** DATASET EXCERPTS follows **

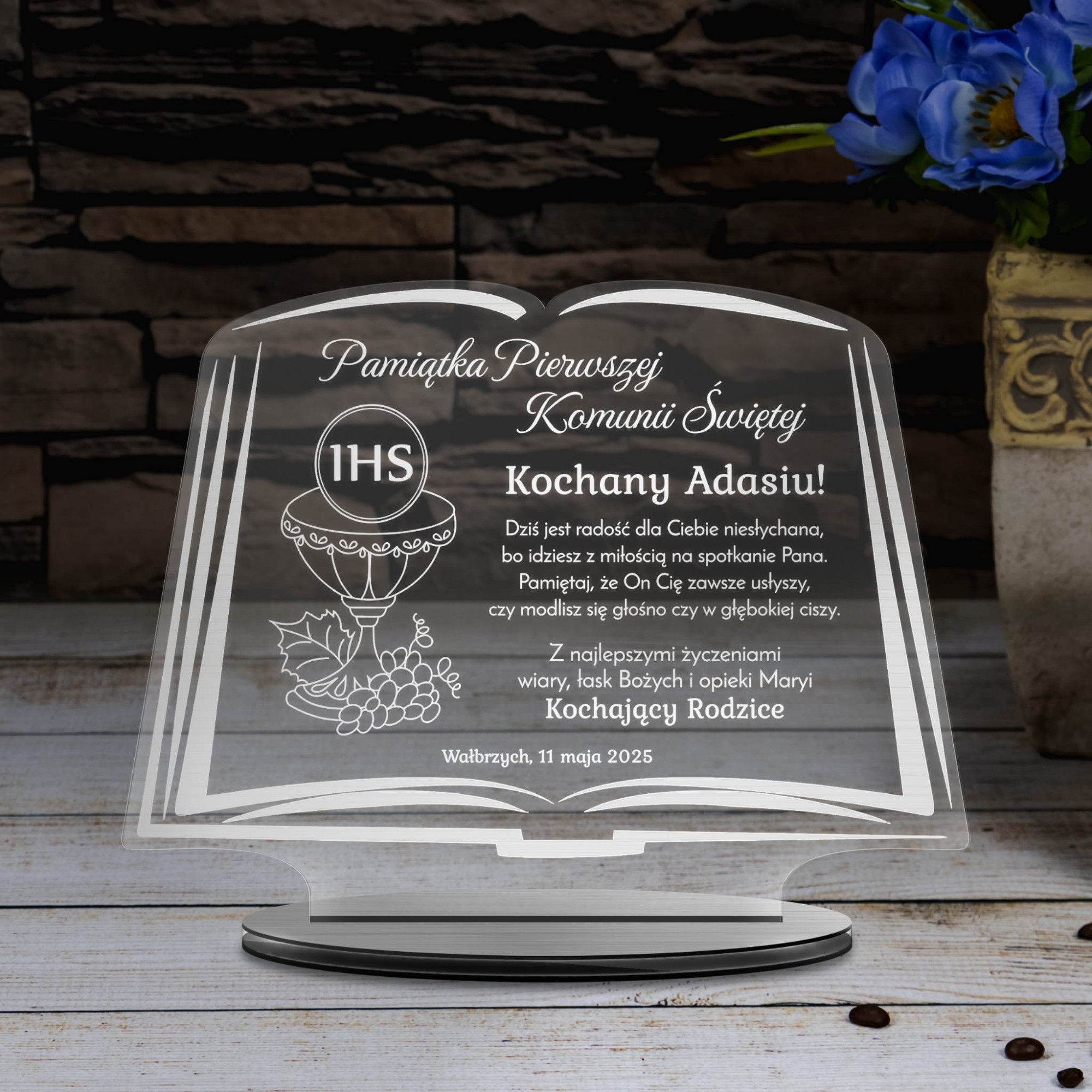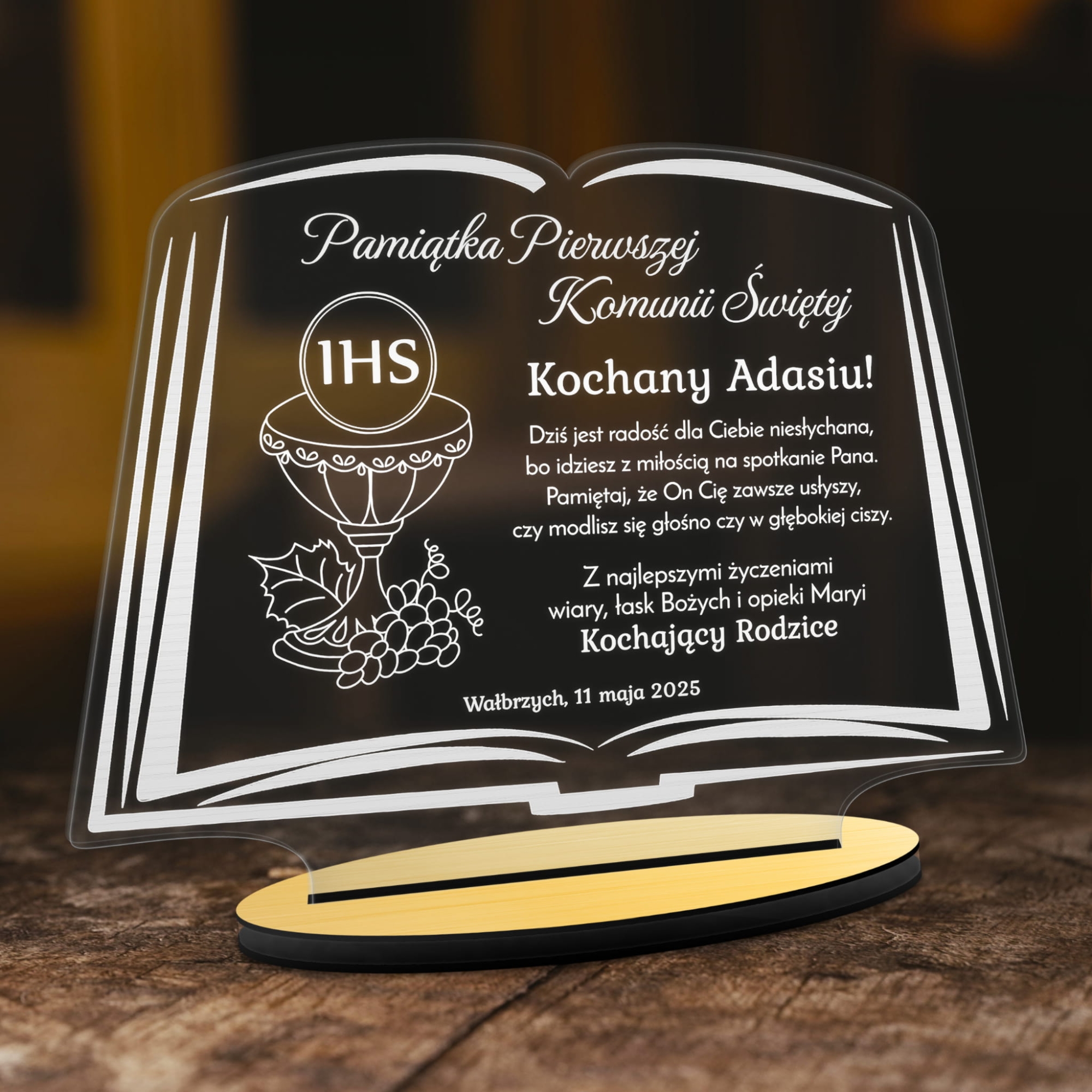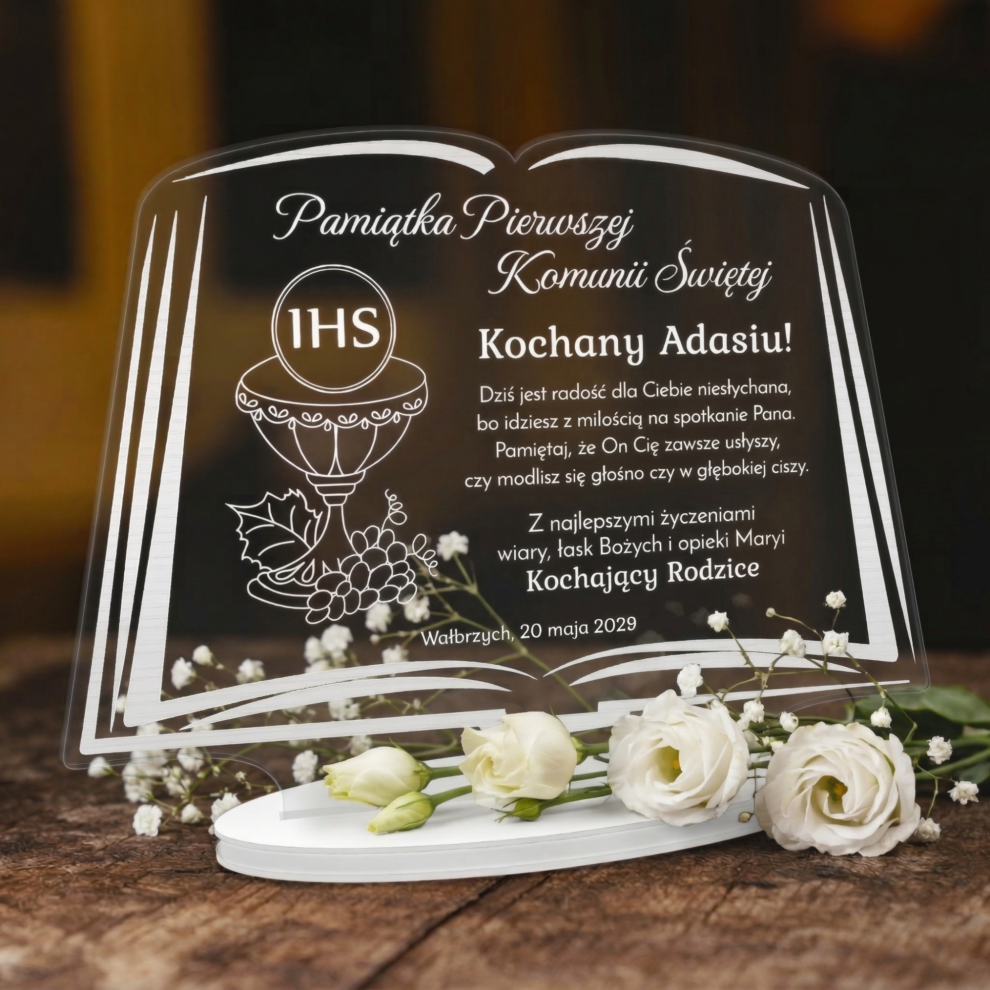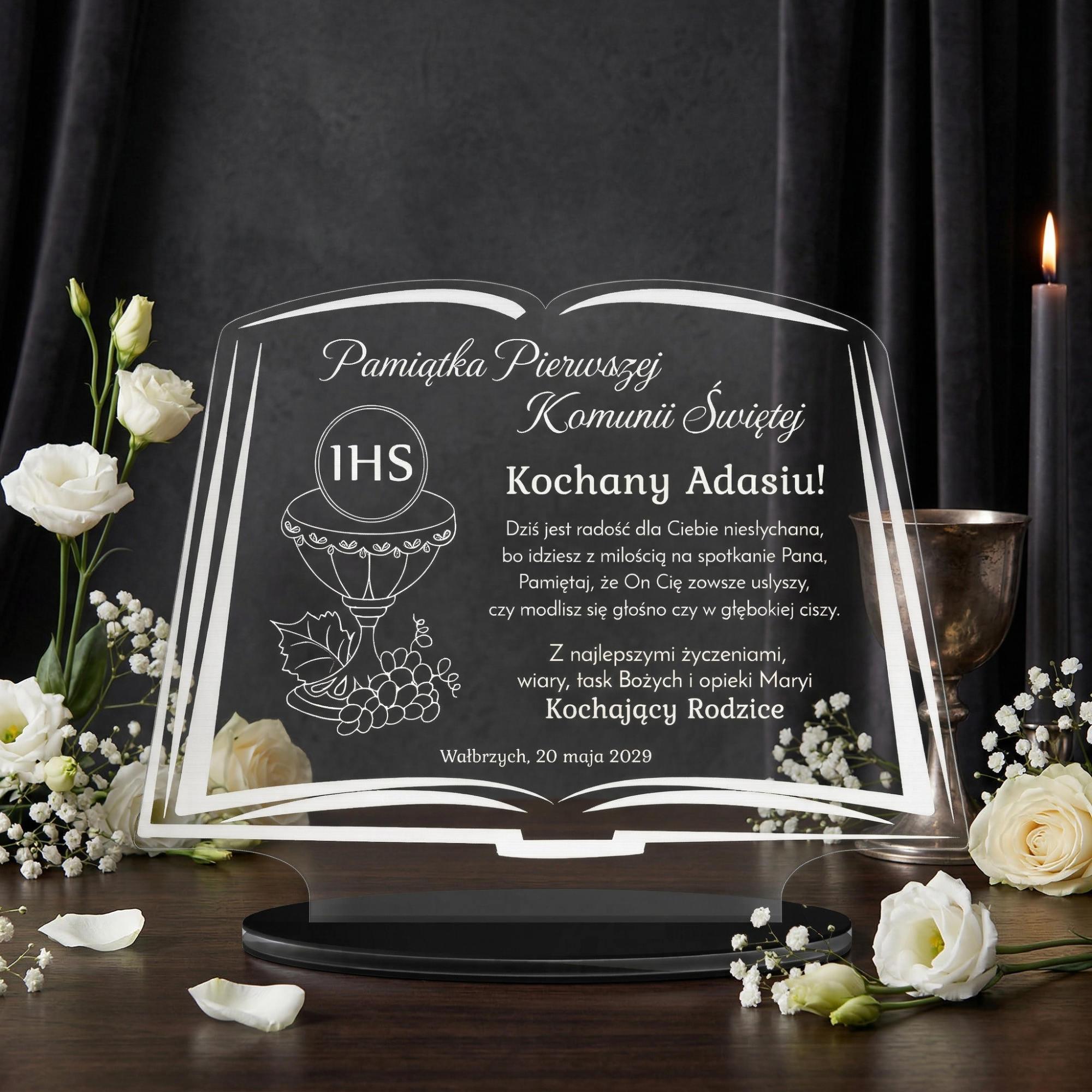 Jeśli wkrótce będziesz gościem na Komunii i szukasz odpowiedniego prezentu doskonale trafiłeś. Proponujemy oryginalną kartkę z życzeniami w formie statuetki w kształcie księgi ze szkła akrylowego. W celu podkreślenia charakteru sakramentu I Komunii Świętej stworzyliśmy wiele motywów graficznych o symbolice religijnej. Sprawdzi się jako prezent od dziadków, prezent od rodziców, prezent od Ojca Chrzestnego, prezent od Matki Chrzestnej, a także innych członków rodziny. Spersonalizowany upominek to zawsze wyraz zaangażowania ze strony gościa. Indywidualne życzenia jakie dla Ciebie wygrawerujemy dają Ci szansę podarowania dziecku wyjątkowej pamiątki. Taki upominek będzie przywoływał wspomnienia o tym szczególnym dniu przez długie lata. Do wyboru aż 4 kolory podstawek: biały, czarny, złoty, srebrny. Statuetka jest wycinana i grawerowana metodą laserową na urządzeniach najwyżej jakości. Po uroczystości Komunii statuetka będzie z powodzeniem pełniła rolę dekoracji w pokoju dziecka.
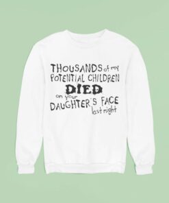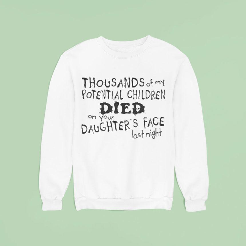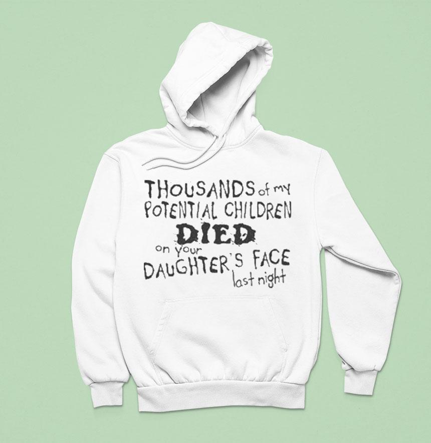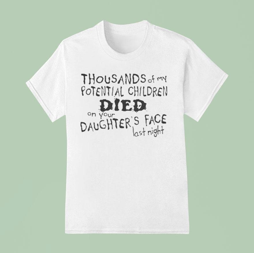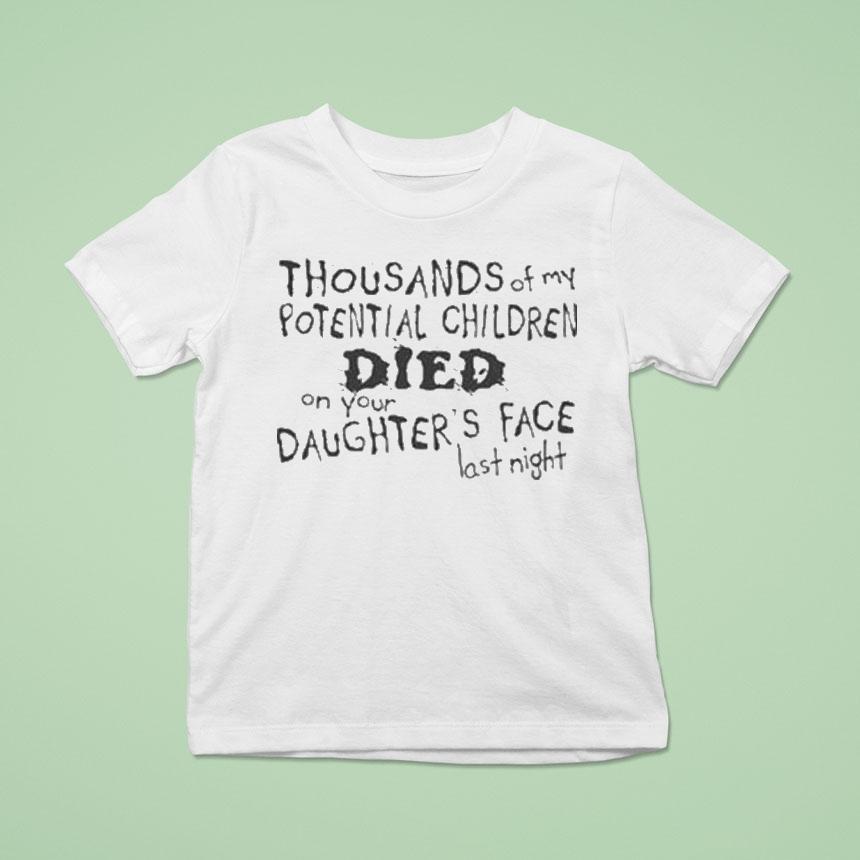 Thousands Of My Potential Children Died On Your Daughter’s Face Last NighUnisex Shirt
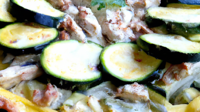 Piquez la pâte brisée, répartissez le poulet, puis les courgettes et enfin la préparation au fromage.
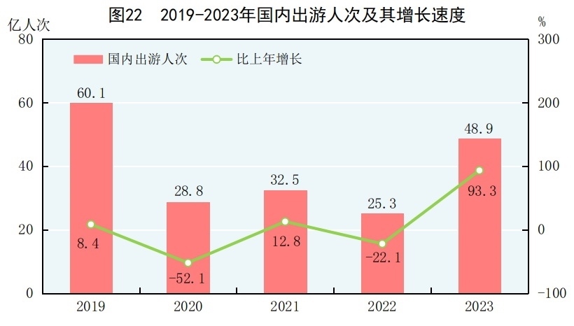 全年國(guó)內(nèi)出游48.9億人次,比上年增長(zhǎng)93.3%。其中,城鎮(zhèn)居民國(guó)內(nèi)出游37.6億人次,增長(zhǎng)94.9%;農(nóng)村居民國(guó)內(nèi)出游11.3億人次,增長(zhǎng)88.5%。國(guó)內(nèi)游客出游總花費(fèi)49133億元,增長(zhǎng)140.3%。其中,城鎮(zhèn)居民出游花費(fèi)41781億元,增長(zhǎng)147.5%;農(nóng)村居民出游花費(fèi)7353億元,增長(zhǎng)106.4%。入境游客8203萬(wàn)人次,其中外國(guó)人1378萬(wàn)人次,香港、澳門(mén)和臺(tái)灣同胞6824萬(wàn)人次。入境游客總花費(fèi)530億美元。國(guó)內(nèi)居民出境10096萬(wàn)人次,其中因私出境9684萬(wàn)人次,赴港澳臺(tái)出境7704萬(wàn)人次。
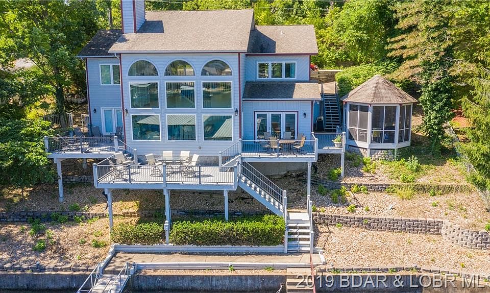 Spectacular main channel views with cove protection located off popular KK Road in Osage Beach in beautiful Lake of the Ozarks at the 21 MM. Close to shopping, dining, golf and fun waterfront boating activities make this an ideal location by land or water. You need to see this home for yourself, the abundance of light, the views plus the gentle lot and sensational open concept floor plan will impress! Some of the features include: Offered fully furnished, 3 huge bedrooms - all ensuite, soaring fireplace, windows and ceilings, updated kitchen, butlerâs pantry & laundry room combined, designer colors, outdoor screened gazebo, multiple decks with room for everyone and a 2 well dock that will accommodate up to a 40â boat. Looking for a great investment as well? Proven income of over $40,000 annually. Take a look today and be sure to watch the video!

** End of DATASET EXCERPTS **

DESCRIPTION OF THE TASK:
Only the lines starting at the one that holds "全年國(guó)內(nèi)" and ending at the last line of the data belong in your answer. Please set them down exactly and omit the pictures.

RESPONSE:
 全年國(guó)內(nèi)出游48.9億人次,比上年增長(zhǎng)93.3%。其中,城鎮(zhèn)居民國(guó)內(nèi)出游37.6億人次,增長(zhǎng)94.9%;農(nóng)村居民國(guó)內(nèi)出游11.3億人次,增長(zhǎng)88.5%。國(guó)內(nèi)游客出游總花費(fèi)49133億元,增長(zhǎng)140.3%。其中,城鎮(zhèn)居民出游花費(fèi)41781億元,增長(zhǎng)147.5%;農(nóng)村居民出游花費(fèi)7353億元,增長(zhǎng)106.4%。入境游客8203萬(wàn)人次,其中外國(guó)人1378萬(wàn)人次,香港、澳門(mén)和臺(tái)灣同胞6824萬(wàn)人次。入境游客總花費(fèi)530億美元。國(guó)內(nèi)居民出境10096萬(wàn)人次,其中因私出境9684萬(wàn)人次,赴港澳臺(tái)出境7704萬(wàn)人次。
 Spectacular main channel views with cove protection located off popular KK Road in Osage Beach in beautiful Lake of the Ozarks at the 21 MM. Close to shopping, dining, golf and fun waterfront boating activities make this an ideal location by land or water. You need to see this home for yourself, the abundance of light, the views plus the gentle lot and sensational open concept floor plan will impress! Some of the features include: Offered fully furnished, 3 huge bedrooms - all ensuite, soaring fireplace, windows and ceilings, updated kitchen, butlerâs pantry & laundry room combined, designer colors, outdoor screened gazebo, multiple decks with room for everyone and a 2 well dock that will accommodate up to a 40â boat. Looking for a great investment as well? Proven income of over $40,000 annually. Take a look today and be sure to watch the video!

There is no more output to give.